(Beginning of Records for this exercise)

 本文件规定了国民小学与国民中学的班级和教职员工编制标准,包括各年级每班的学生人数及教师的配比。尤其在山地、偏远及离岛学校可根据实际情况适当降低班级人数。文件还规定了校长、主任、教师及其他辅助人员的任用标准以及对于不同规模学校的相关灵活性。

(End of Records for this exercise)
(Beginning of Records for this exercise)

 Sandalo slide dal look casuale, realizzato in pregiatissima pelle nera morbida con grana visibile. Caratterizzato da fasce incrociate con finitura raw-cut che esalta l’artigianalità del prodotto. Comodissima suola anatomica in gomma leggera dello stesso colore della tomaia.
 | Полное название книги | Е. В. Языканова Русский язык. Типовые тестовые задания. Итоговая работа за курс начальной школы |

(End of Records for this exercise)

### [Exercise objective]
A verbatim transcription is needed of the lines above, starting at the line with "Sandalo slide dal" and ending at the line with "начальной школы |", both included, and of nothing else.

### [Result of this exercise]
 Sandalo slide dal look casuale, realizzato in pregiatissima pelle nera morbida con grana visibile. Caratterizzato da fasce incrociate con finitura raw-cut che esalta l’artigianalità del prodotto. Comodissima suola anatomica in gomma leggera dello stesso colore della tomaia.
 | Полное название книги | Е. В. Языканова Русский язык. Типовые тестовые задания. Итоговая работа за курс начальной школы |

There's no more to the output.